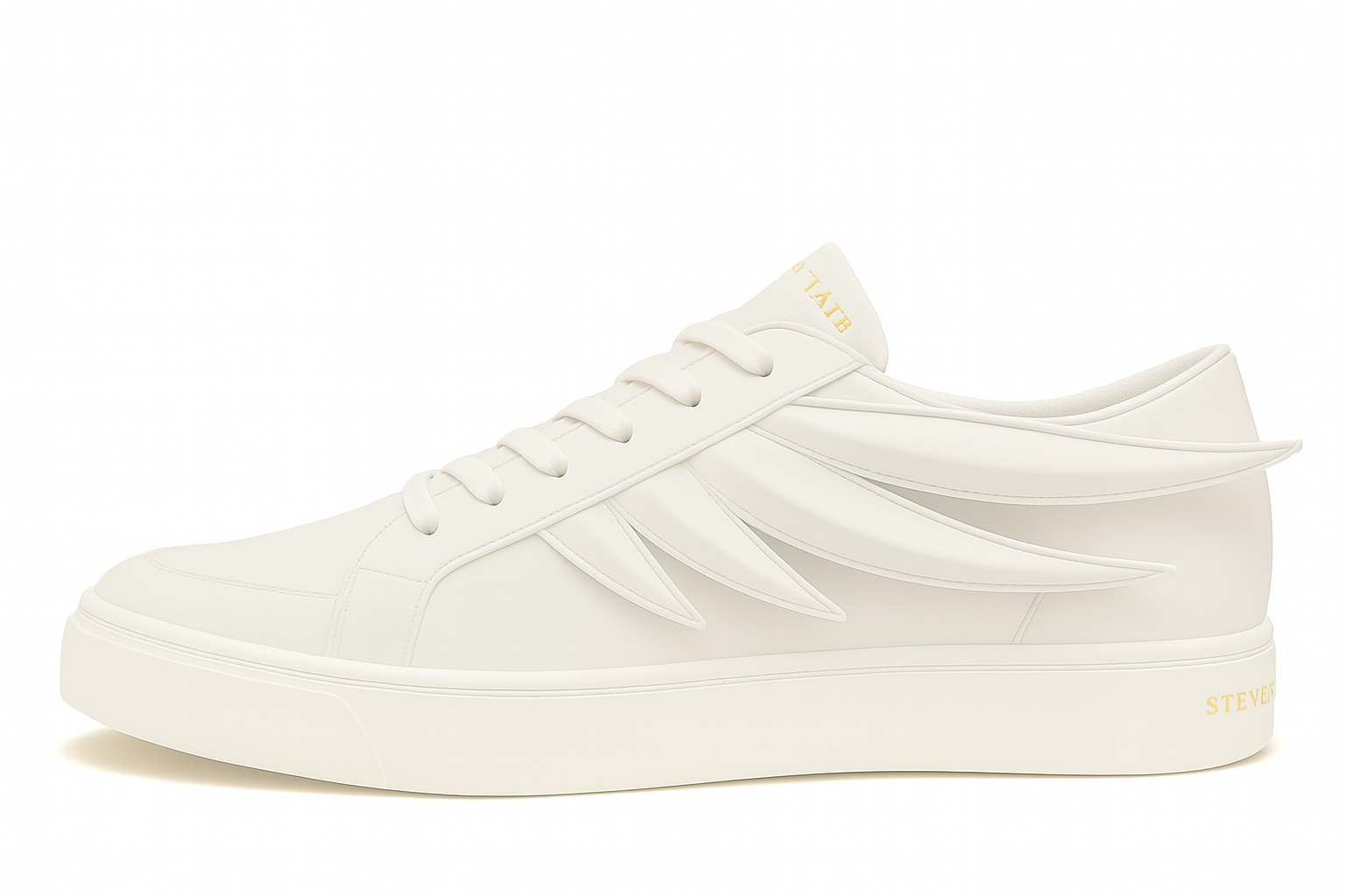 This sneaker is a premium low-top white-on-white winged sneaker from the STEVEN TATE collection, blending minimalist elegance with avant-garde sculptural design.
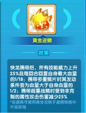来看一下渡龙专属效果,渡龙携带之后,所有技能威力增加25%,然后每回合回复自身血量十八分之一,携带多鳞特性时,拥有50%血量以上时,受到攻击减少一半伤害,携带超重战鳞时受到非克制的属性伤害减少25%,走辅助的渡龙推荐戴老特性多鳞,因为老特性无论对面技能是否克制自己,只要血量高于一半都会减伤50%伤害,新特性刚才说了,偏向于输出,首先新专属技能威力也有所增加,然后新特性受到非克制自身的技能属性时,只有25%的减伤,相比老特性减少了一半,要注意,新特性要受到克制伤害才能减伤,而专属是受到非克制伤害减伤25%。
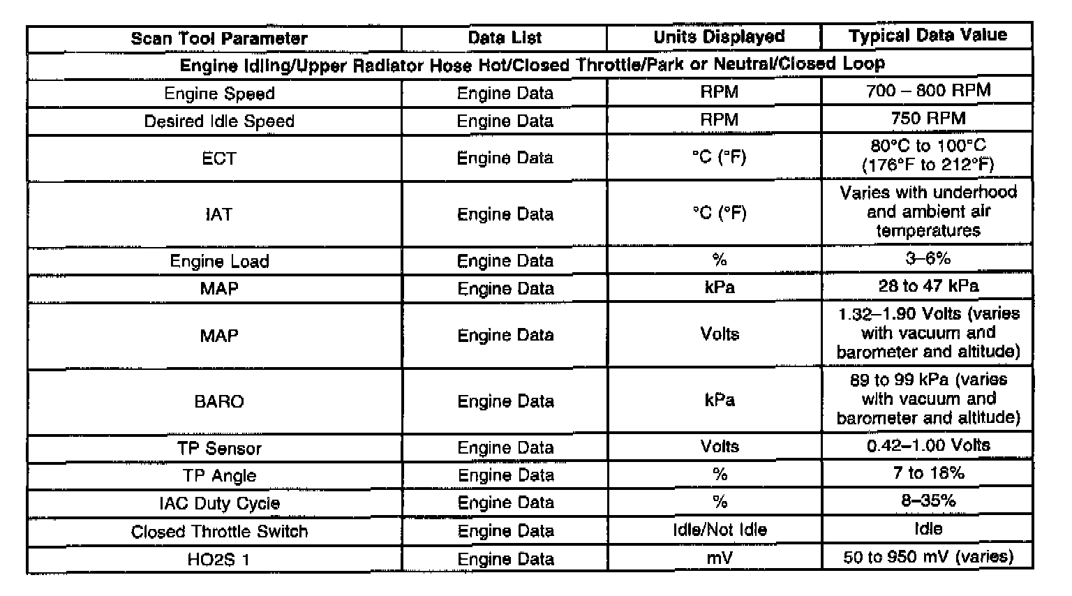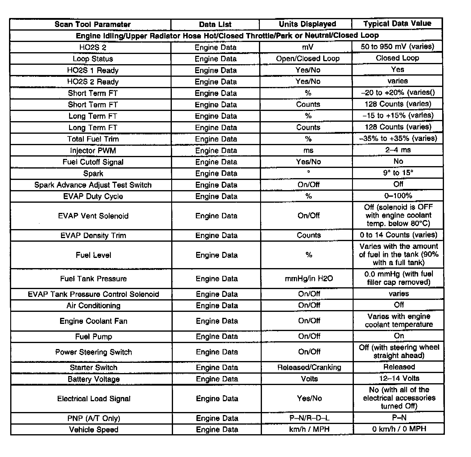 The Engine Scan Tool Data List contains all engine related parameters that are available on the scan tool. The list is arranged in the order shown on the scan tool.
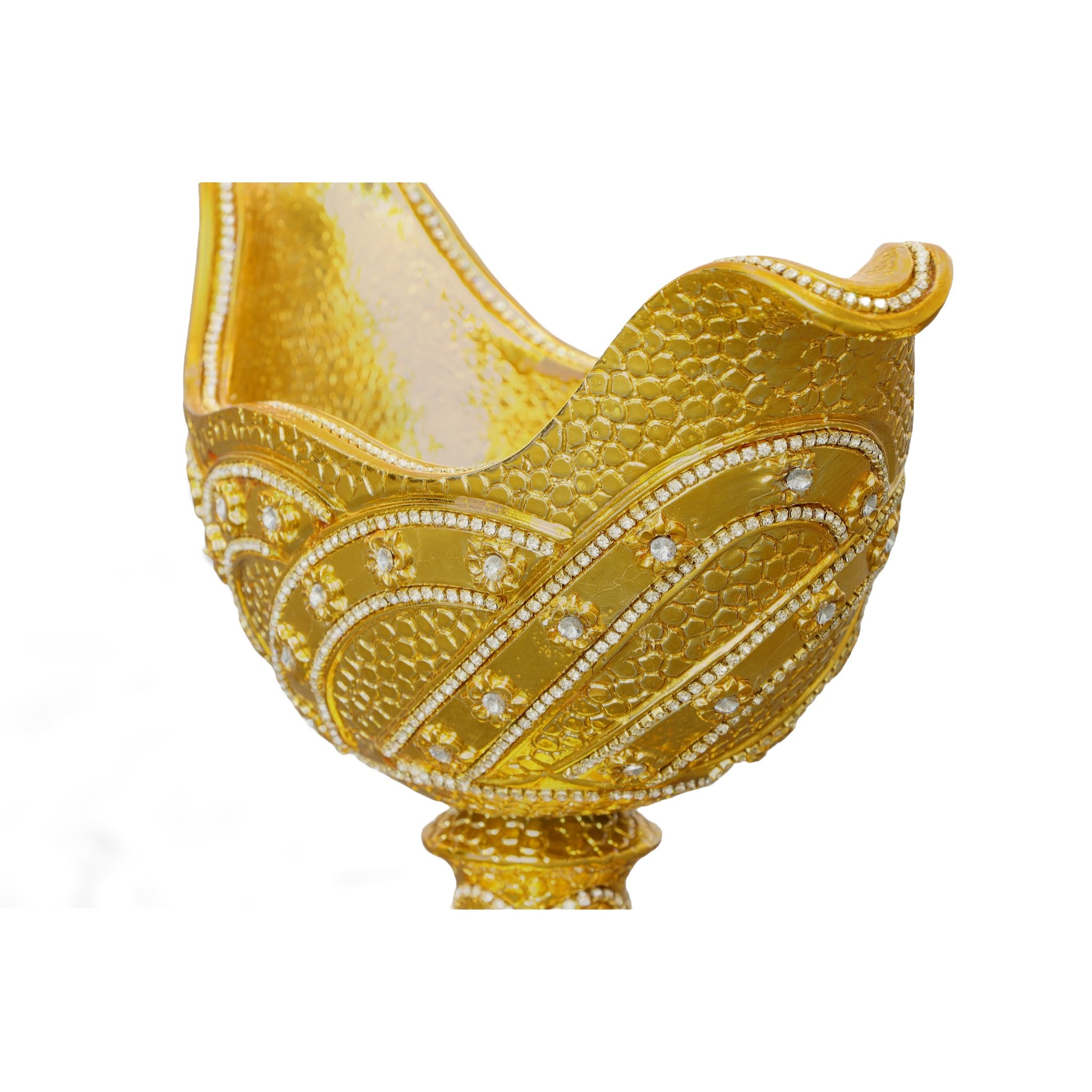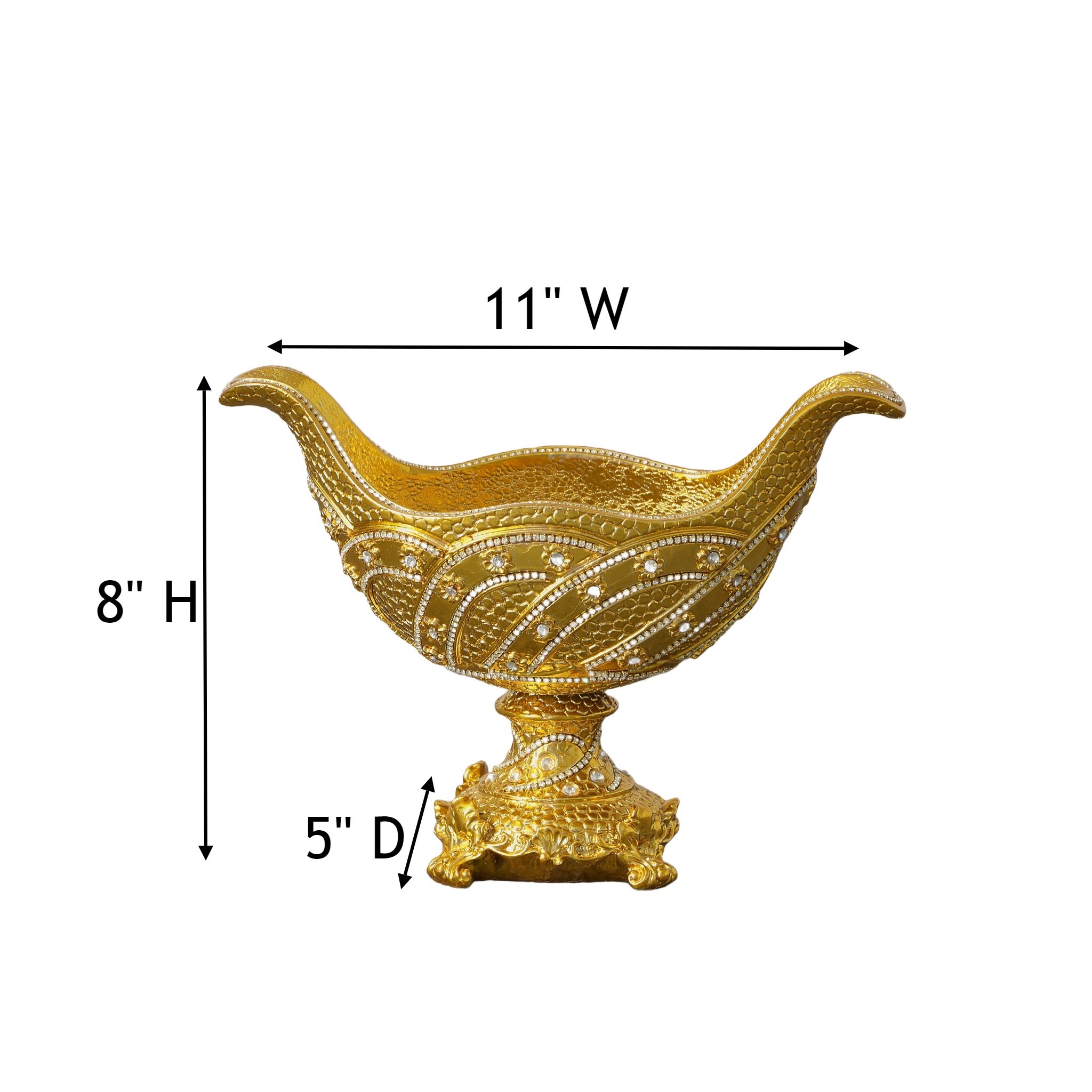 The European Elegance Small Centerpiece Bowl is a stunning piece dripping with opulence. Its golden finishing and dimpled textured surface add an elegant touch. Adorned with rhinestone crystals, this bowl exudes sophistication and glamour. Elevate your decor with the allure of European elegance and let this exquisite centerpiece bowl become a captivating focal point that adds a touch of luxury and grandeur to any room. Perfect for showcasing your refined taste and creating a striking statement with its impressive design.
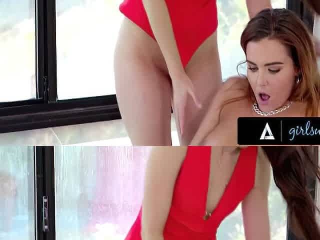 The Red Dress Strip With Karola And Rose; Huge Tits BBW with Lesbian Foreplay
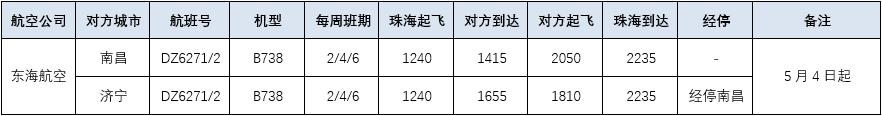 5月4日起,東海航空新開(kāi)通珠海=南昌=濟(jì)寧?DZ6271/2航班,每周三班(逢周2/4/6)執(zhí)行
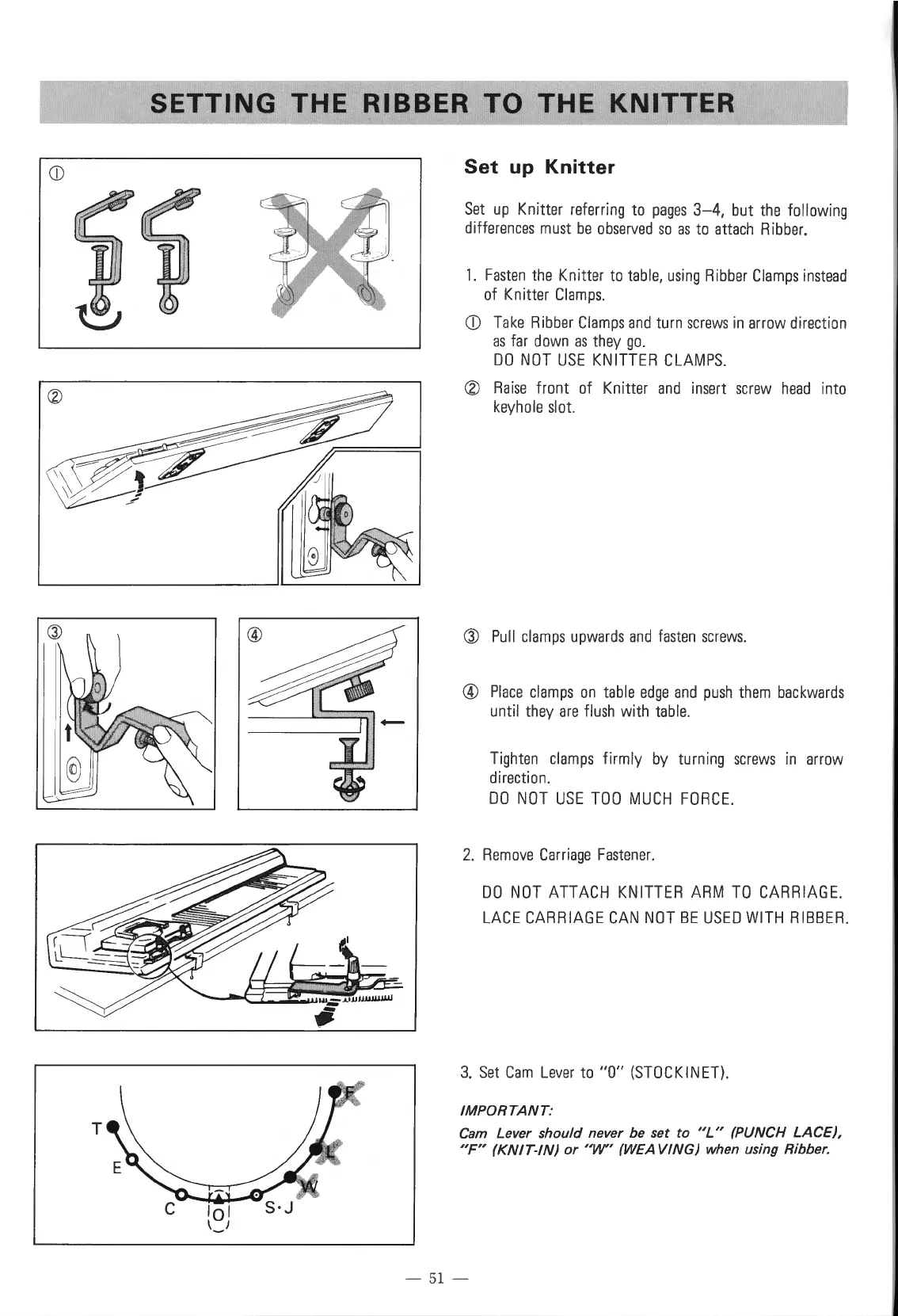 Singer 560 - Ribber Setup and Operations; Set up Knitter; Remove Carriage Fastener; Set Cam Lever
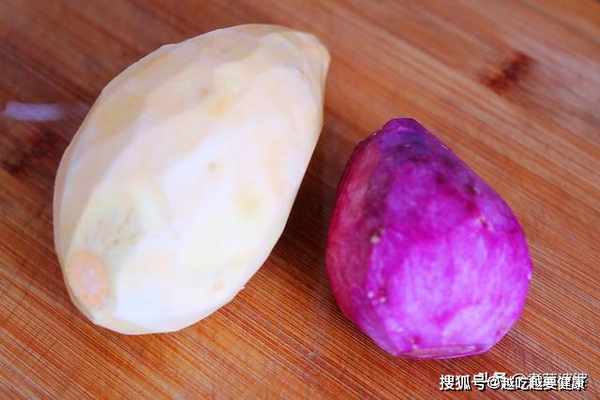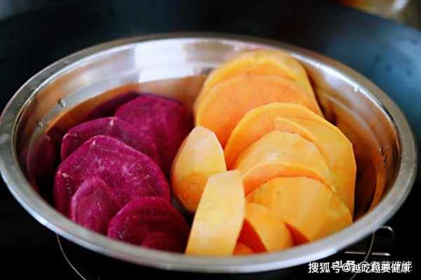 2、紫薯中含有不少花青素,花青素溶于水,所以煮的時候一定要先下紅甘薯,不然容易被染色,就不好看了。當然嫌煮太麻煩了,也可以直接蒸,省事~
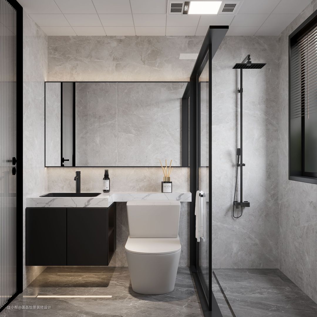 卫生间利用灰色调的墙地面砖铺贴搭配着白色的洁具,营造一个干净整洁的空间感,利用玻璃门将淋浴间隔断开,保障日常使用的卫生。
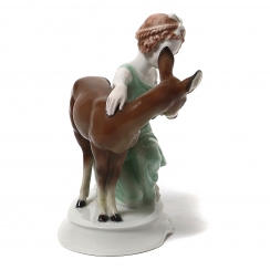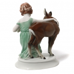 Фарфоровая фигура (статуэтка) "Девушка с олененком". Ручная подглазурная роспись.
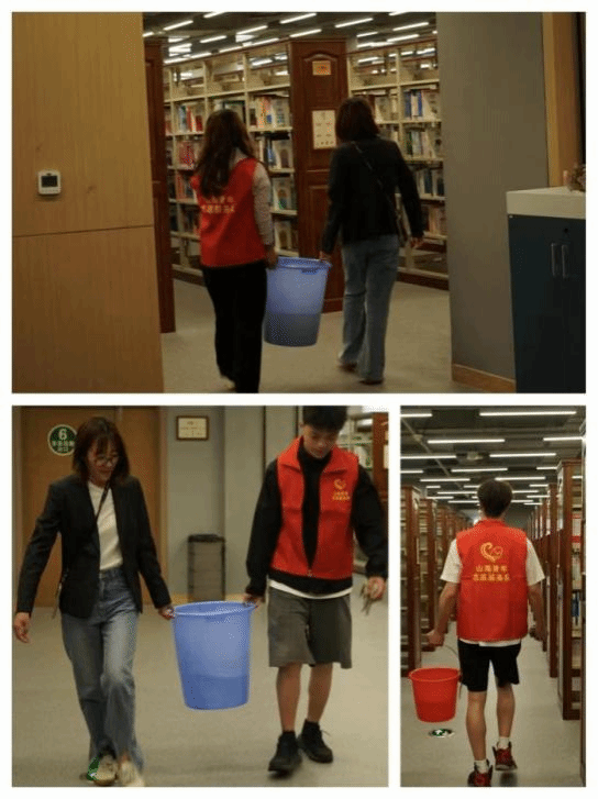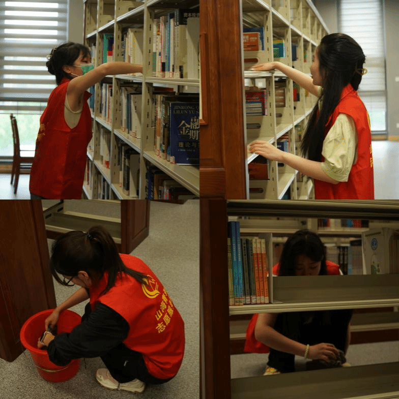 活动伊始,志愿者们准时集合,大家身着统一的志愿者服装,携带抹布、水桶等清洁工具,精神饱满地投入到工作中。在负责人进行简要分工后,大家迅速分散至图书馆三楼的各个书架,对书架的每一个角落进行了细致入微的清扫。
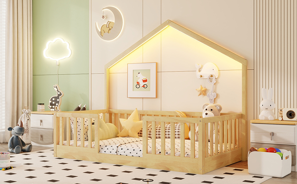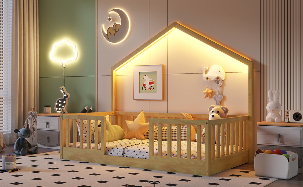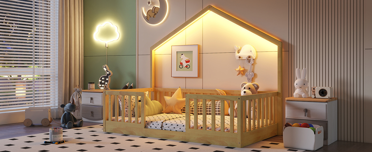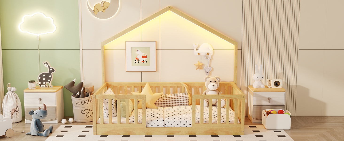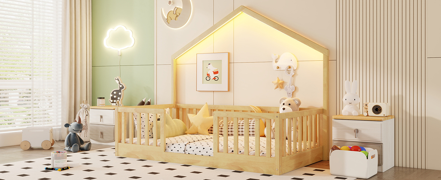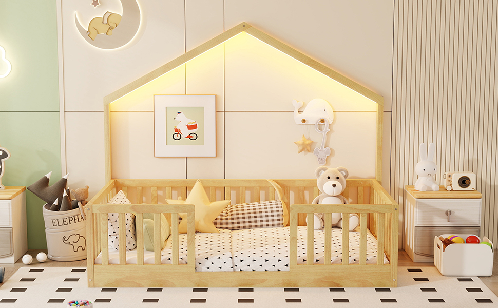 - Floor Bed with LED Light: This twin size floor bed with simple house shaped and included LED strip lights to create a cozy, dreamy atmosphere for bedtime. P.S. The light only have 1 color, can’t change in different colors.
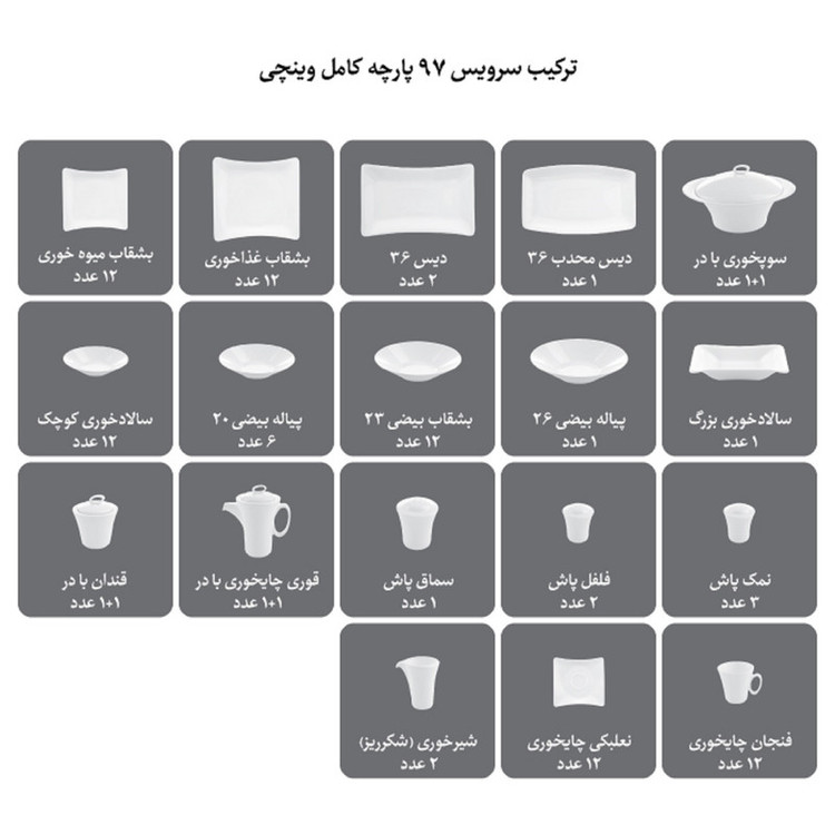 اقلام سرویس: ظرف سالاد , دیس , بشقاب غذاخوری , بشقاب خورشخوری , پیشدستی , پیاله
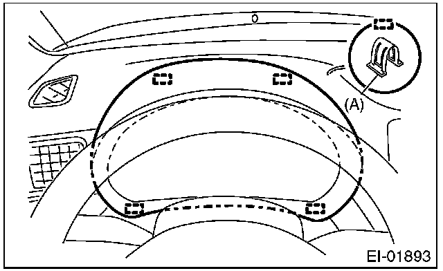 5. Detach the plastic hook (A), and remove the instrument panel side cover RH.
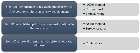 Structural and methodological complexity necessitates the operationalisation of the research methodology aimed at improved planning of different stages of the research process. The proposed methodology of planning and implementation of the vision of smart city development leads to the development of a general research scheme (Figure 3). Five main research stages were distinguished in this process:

====

- [Problem requirements] Transcribe all data precisely. Pictures are not copied.

- [Your solution]
 This sneaker is a premium low-top white-on-white winged sneaker from the STEVEN TATE collection, blending minimalist elegance with avant-garde sculptural design.
来看一下渡龙专属效果,渡龙携带之后,所有技能威力增加25%,然后每回合回复自身血量十八分之一,携带多鳞特性时,拥有50%血量以上时,受到攻击减少一半伤害,携带超重战鳞时受到非克制的属性伤害减少25%,走辅助的渡龙推荐戴老特性多鳞,因为老特性无论对面技能是否克制自己,只要血量高于一半都会减伤50%伤害,新特性刚才说了,偏向于输出,首先新专属技能威力也有所增加,然后新特性受到非克制自身的技能属性时,只有25%的减伤,相比老特性减少了一半,要注意,新特性要受到克制伤害才能减伤,而专属是受到非克制伤害减伤25%。
 The Engine Scan Tool Data List contains all engine related parameters that are available on the scan tool. The list is arranged in the order shown on the scan tool.
 The European Elegance Small Centerpiece Bowl is a stunning piece dripping with opulence. Its golden finishing and dimpled textured surface add an elegant touch. Adorned with rhinestone crystals, this bowl exudes sophistication and glamour. Elevate your decor with the allure of European elegance and let this exquisite centerpiece bowl become a captivating focal point that adds a touch of luxury and grandeur to any room. Perfect for showcasing your refined taste and creating a striking statement with its impressive design.
 The Red Dress Strip With Karola And Rose; Huge Tits BBW with Lesbian Foreplay
 5月4日起,東海航空新開(kāi)通珠海=南昌=濟(jì)寧?DZ6271/2航班,每周三班(逢周2/4/6)執(zhí)行
 Singer 560 - Ribber Setup and Operations; Set up Knitter; Remove Carriage Fastener; Set Cam Lever
 2、紫薯中含有不少花青素,花青素溶于水,所以煮的時候一定要先下紅甘薯,不然容易被染色,就不好看了。當然嫌煮太麻煩了,也可以直接蒸,省事~
 卫生间利用灰色调的墙地面砖铺贴搭配着白色的洁具,营造一个干净整洁的空间感,利用玻璃门将淋浴间隔断开,保障日常使用的卫生。
 Фарфоровая фигура (статуэтка) "Девушка с олененком". Ручная подглазурная роспись.
 活动伊始,志愿者们准时集合,大家身着统一的志愿者服装,携带抹布、水桶等清洁工具,精神饱满地投入到工作中。在负责人进行简要分工后,大家迅速分散至图书馆三楼的各个书架,对书架的每一个角落进行了细致入微的清扫。
 - Floor Bed with LED Light: This twin size floor bed with simple house shaped and included LED strip lights to create a cozy, dreamy atmosphere for bedtime. P.S. The light only have 1 color, can’t change in different colors.
 اقلام سرویس: ظرف سالاد , دیس , بشقاب غذاخوری , بشقاب خورشخوری , پیشدستی , پیاله
 5. Detach the plastic hook (A), and remove the instrument panel side cover RH.
 Structural and methodological complexity necessitates the operationalisation of the research methodology aimed at improved planning of different stages of the research process. The proposed methodology of planning and implementation of the vision of smart city development leads to the development of a general research scheme (Figure 3). Five main research stages were distinguished in this process:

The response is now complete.